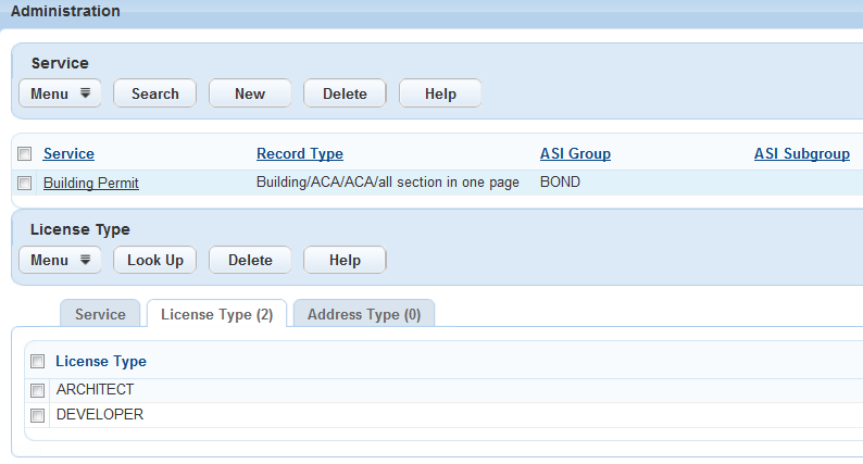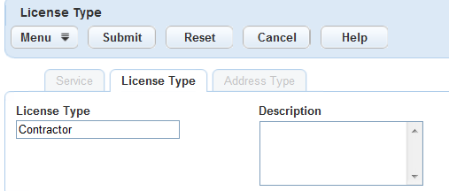 You can associate a license type with a service, which provides a way for a user to view services and request services appropriate to their license type. For examples, refer to Example Multi-Agency Services and Licensed Professional Type Associations.
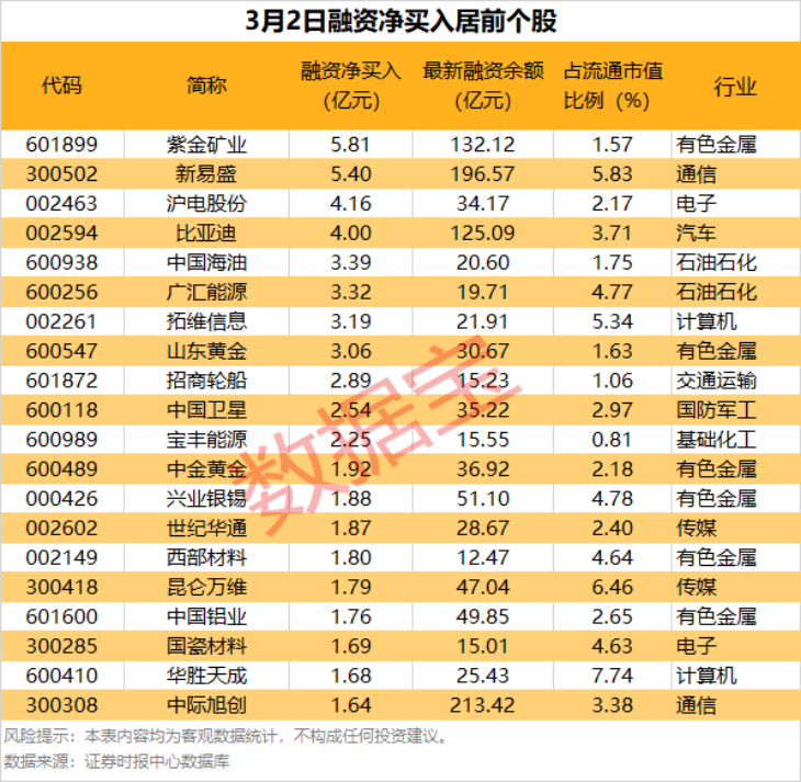 具体到个股,3月2日共有1949只股获融资净买入,净买入金额在1亿元以上的有44股,其中8股融资净买入额超3亿元。紫金矿业融资净买入额居首,当日净买入5.81亿元;其次是新易盛、沪电股份,融资净买入金额分别为5.40亿元、4.16亿元;融资净买入金额居前的还有比亚迪、中国海油、广汇能源等。
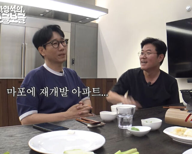 지석진은 "영석이는 기억할지 모르겠지만, 마포의 재개발 아파트…"라고 말끝을 흐렸고 나영석 PD는 놀라 벌떡 일어나 지석진을 껴안았다. 지석진이 "기억나? 너 들어갔니?"라고 물었고 나영석은 "기억나지. 내가 샀는데. 못 들어갔어"라고 웃으며 말해 이우정 작가를 궁금하게 만들었다.

++++

• [Directions for this task]:
Copy the data above word for word. Pictures stay out.

• [Solution to this problem]:
 You can associate a license type with a service, which provides a way for a user to view services and request services appropriate to their license type. For examples, refer to Example Multi-Agency Services and Licensed Professional Type Associations.
 具体到个股,3月2日共有1949只股获融资净买入,净买入金额在1亿元以上的有44股,其中8股融资净买入额超3亿元。紫金矿业融资净买入额居首,当日净买入5.81亿元;其次是新易盛、沪电股份,融资净买入金额分别为5.40亿元、4.16亿元;融资净买入金额居前的还有比亚迪、中国海油、广汇能源等。
 지석진은 "영석이는 기억할지 모르겠지만, 마포의 재개발 아파트…"라고 말끝을 흐렸고 나영석 PD는 놀라 벌떡 일어나 지석진을 껴안았다. 지석진이 "기억나? 너 들어갔니?"라고 물었고 나영석은 "기억나지. 내가 샀는데. 못 들어갔어"라고 웃으며 말해 이우정 작가를 궁금하게 만들었다.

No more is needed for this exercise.